Work request: From the data below, return only the lines from the one with "in cold weather" through the one with "Boucles d'oreilles à", exact and inclusive, with pictures left out.

Data shown:
+++

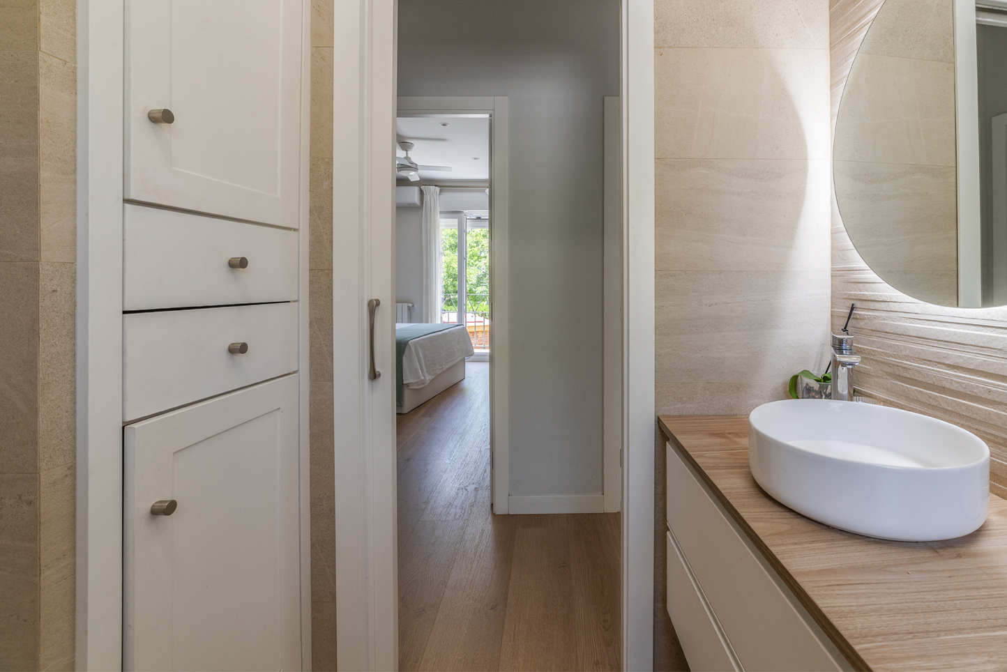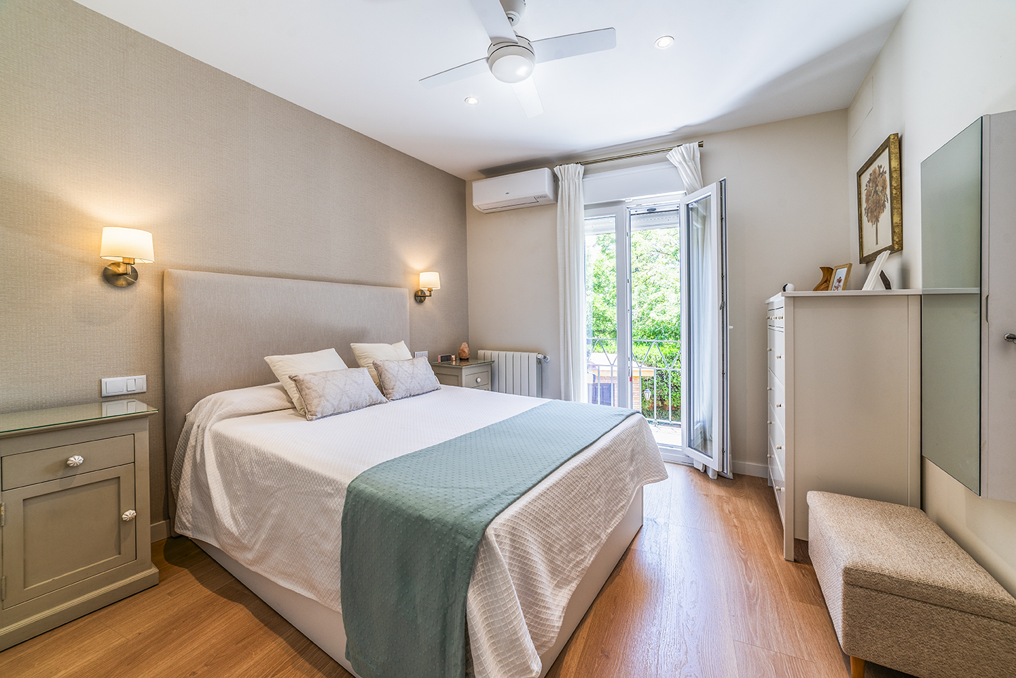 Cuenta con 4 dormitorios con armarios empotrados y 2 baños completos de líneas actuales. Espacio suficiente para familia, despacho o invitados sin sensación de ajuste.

+++

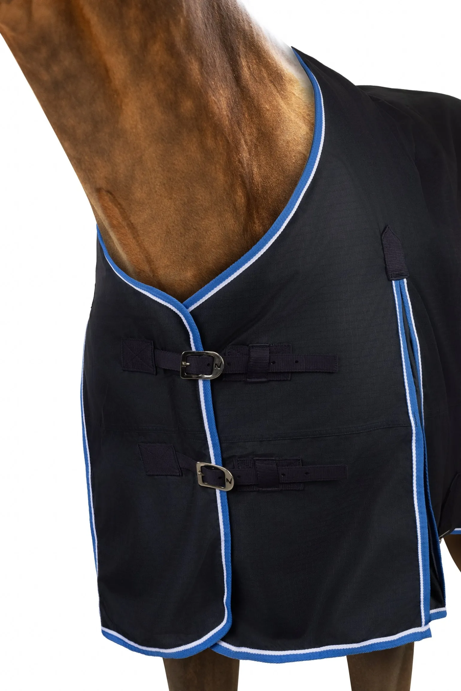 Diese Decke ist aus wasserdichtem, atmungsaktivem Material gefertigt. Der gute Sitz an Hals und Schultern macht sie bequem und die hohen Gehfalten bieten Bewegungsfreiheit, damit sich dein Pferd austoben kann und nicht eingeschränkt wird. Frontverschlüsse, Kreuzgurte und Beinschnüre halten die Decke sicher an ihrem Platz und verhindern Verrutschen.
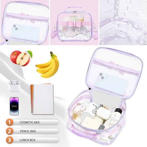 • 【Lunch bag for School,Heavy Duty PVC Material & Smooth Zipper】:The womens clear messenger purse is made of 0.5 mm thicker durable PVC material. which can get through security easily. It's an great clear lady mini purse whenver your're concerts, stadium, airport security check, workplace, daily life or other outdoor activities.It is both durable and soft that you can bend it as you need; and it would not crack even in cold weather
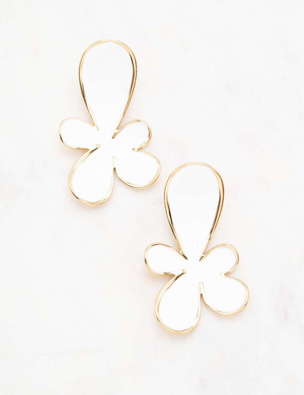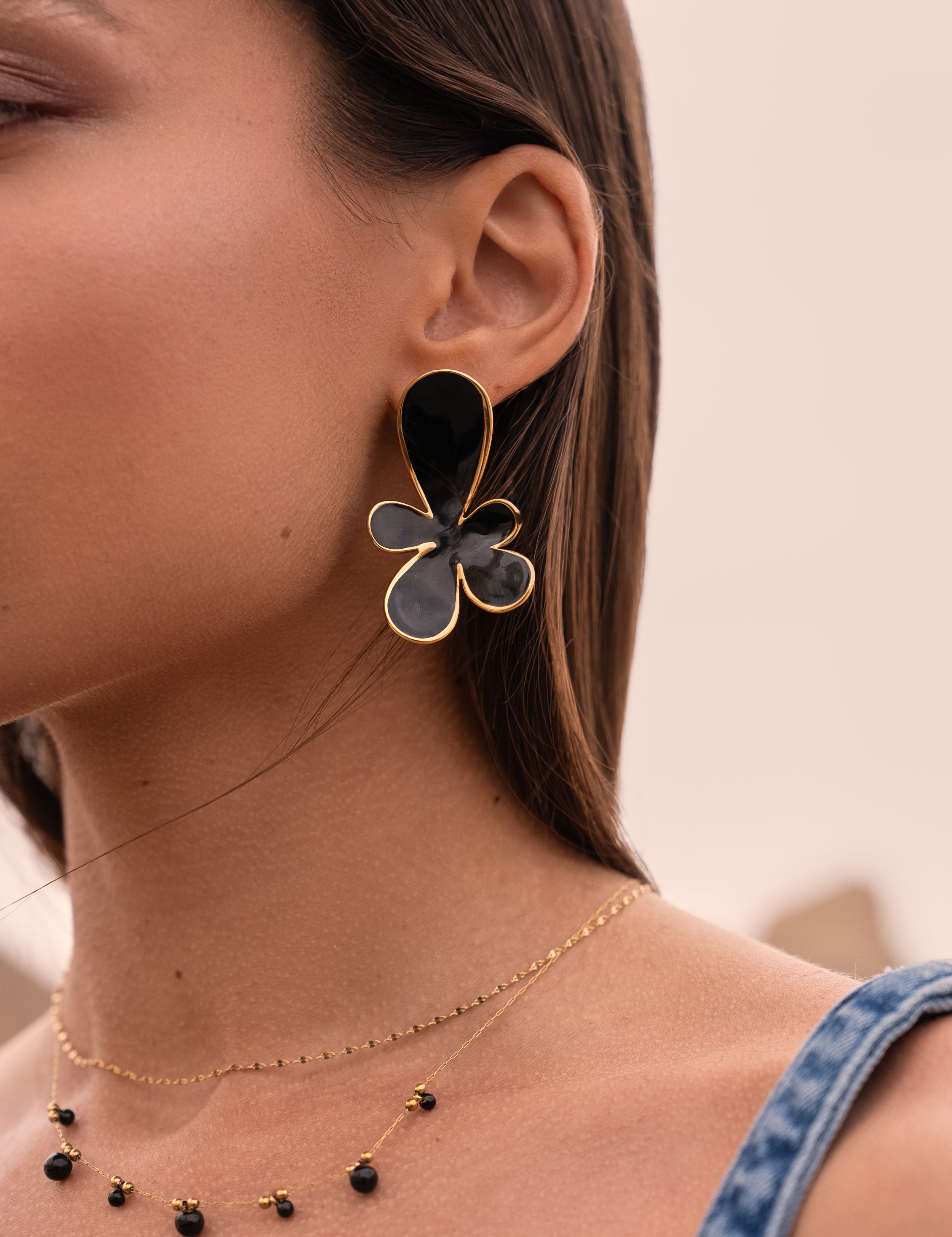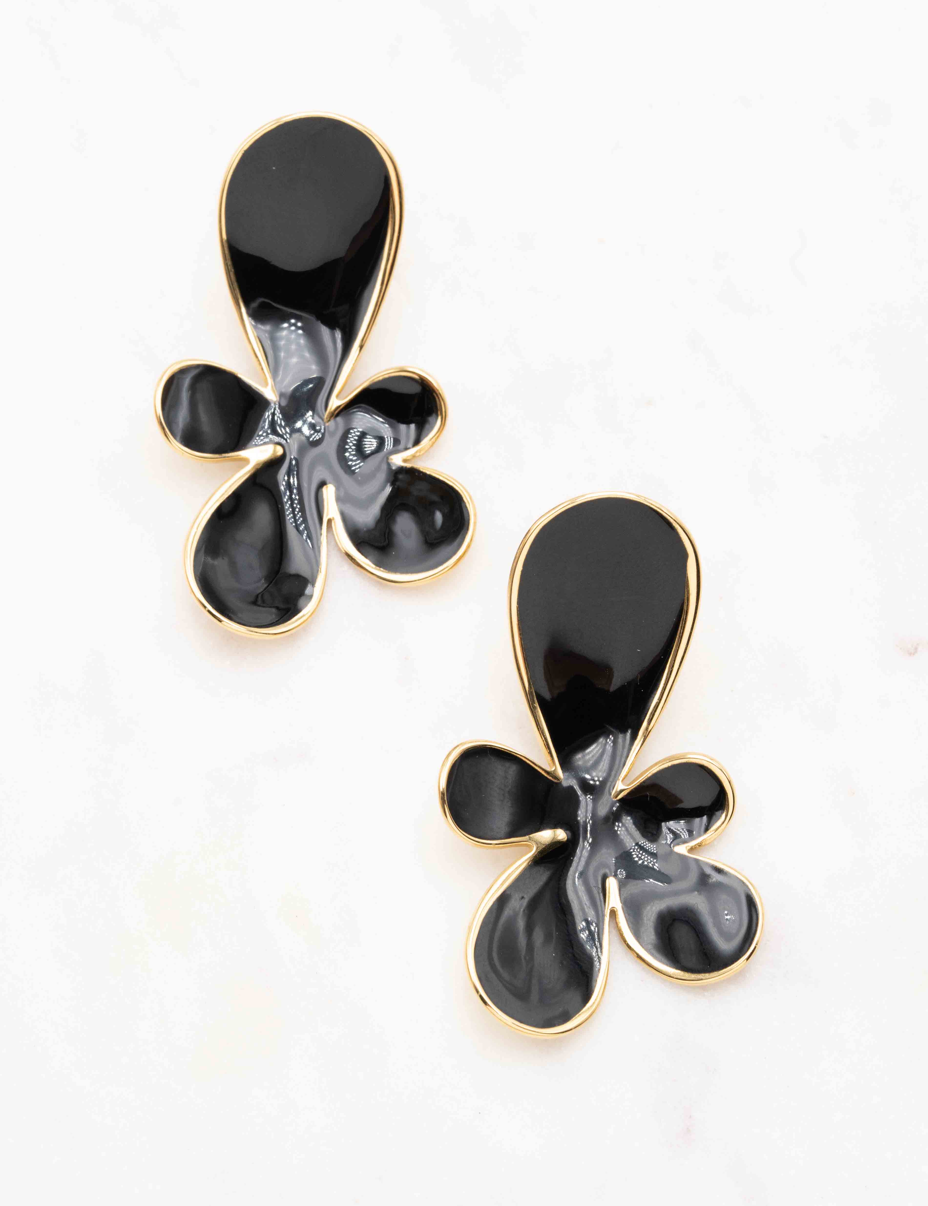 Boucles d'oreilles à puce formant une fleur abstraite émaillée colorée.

+++

Finished task:
 • 【Lunch bag for School,Heavy Duty PVC Material & Smooth Zipper】:The womens clear messenger purse is made of 0.5 mm thicker durable PVC material. which can get through security easily. It's an great clear lady mini purse whenver your're concerts, stadium, airport security check, workplace, daily life or other outdoor activities.It is both durable and soft that you can bend it as you need; and it would not crack even in cold weather
 Boucles d'oreilles à puce formant une fleur abstraite émaillée colorée.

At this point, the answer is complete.